The V/Q ratio (ventilation/perfusion) is crucial factor in determining alveolar pressure, arterial Po2, Pco2.
Describe the ventilation and perfusion at the apex of the upright lung, as well as V/Q, PCO2 and PO2.
At the APEX of the upright lung: Alveoli are POORLY Ventilated and perfused, but they are BETTER VENTILATED than perfused leading to HIGH V/Q with a high PO2 and Low PCO2.
What occurs when there is a poor perfusion but good ventilation?
When there is poor perfusion, but good ventilation, the ALVEOLAR gas pressure is SIMILAR to INSPIRED air (PAO2= 150, PA CO2= 0)
Describe the level of ventilation and perfusion at the base of upright lung as well as V/Q, PCO2 and PO2
At the BASE of upright lung: Alveoli are WELL Ventilated and Perfused, but they are BETTER PERFUSED than ventilated, hence leading to LOW V/Q with Low Po2 and HIGH PCO2.
What occurs when there is poor ventilation but good perfusion?

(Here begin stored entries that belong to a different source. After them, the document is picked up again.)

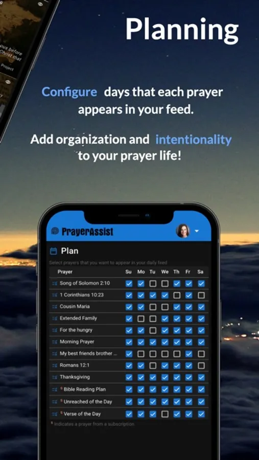 • Determine which days of the week that you want each prayer to appear in your prayer feed
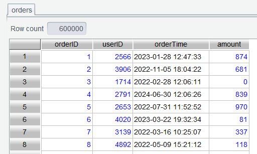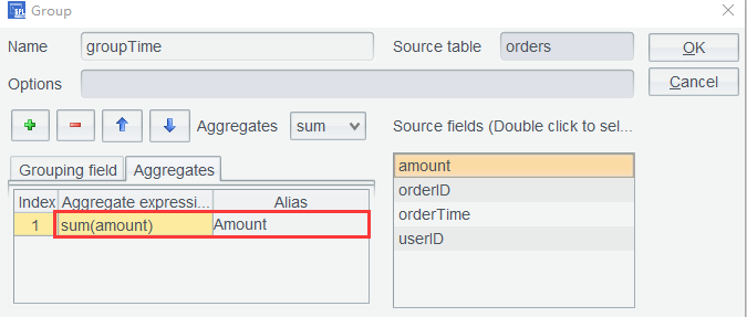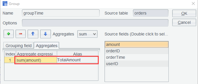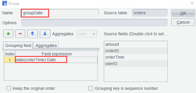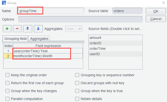 Step 1: Open orders table again and deduplicate records by userID and orderTime. Perform grouping settings as follows:
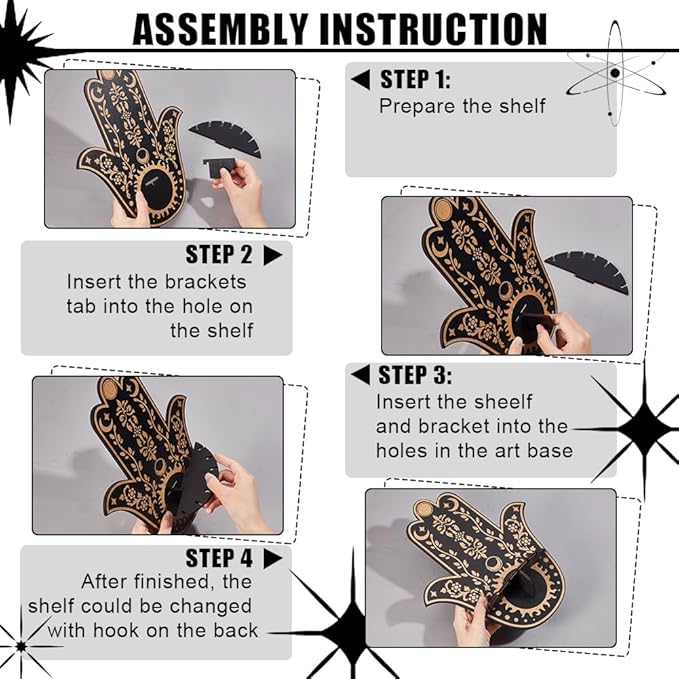 - [APPLICABLE LOCATIONS]: Hamsa Floating Shelf can be used for boho nursery room décor, yoga room or zen décor, meditation, You can also use it for your bedroom, kitchen, room, living room, bathroom, office and so on. Become Fashion-the focal point of any room with crystal organizer, grow spiritually and give with meaning.
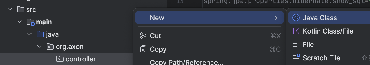 package 'org.axon.entity'를 만들고 하위에 'Entity'라는 class를 만듭니다.

When there is Poor Ventilation but good perfusion, Alveolar gas pressure is SIMILAR to MIXED VENOUS Blood (PAO2= 40, PACO2= 45)
What is the use of A-a O2 gradient and what can this indicate?
The A-a O2 gradient can be determined using the alveolar gas equation and arterial blood gases; This gradient measures the EFFICENCY of GAS EXCHANGE across alveolar-capillary membrane and can point to CAUSE of HYPOXEMIA
What is a normal A-a O2 gradient value? why is this the case?
A Normal A-a O2 gradient is < or equal to 20 mmHg, duet to normal V/Q mismatch and shunting of bronchial and coronary blood into Thesbian veins back to left side of heart.
How can the Normal A-a O2 gradient be predicted? What equation is used? What happens to this gradient as we age?
Normal A-A O2 gradient can be predicted by equation: Age/4 +4. The A-a O2 gradient INCREASES as we Age (get older)
What are the five main causes of Hypoxemia? describe how each cause affects A-a O2 gradient.
5 main causes of hypoxemia:
- Hypoventilation - A-a2 O2 gradient is NORMAL
- Low inspired Oxygen (at high altitude; low barometer Pressure; A-a O2 gradient is NORMAL
- Right to Left Shunt- A-a gradient is INCREASED
- Ventilation/Perfusion (V/Q) Mismatch; A-a O2 gradient is INCREASED
- Diffusion Limitation (reduced gas exchange) ; A-a O2 gradient is INCREASED
Which of causes of hypoxemia have a normal vs increased A-a gradient? Which of the causes can have a response to O2 therapy?
-Low inspiration and Hypoventilation both have Normal A-a O2 gradient
- Right to Left shunt, V/Q Mismatch and Diffusion Limitation ALL have Widened or increased A-a O2 gradients.
Low inspiration, hypoventilation, diffusion and V/Q mismatch will respond to O2 therapy.
Which of the following causes of hypoxemia is the ONLY one that will NOT have a response to Oxygen therapy.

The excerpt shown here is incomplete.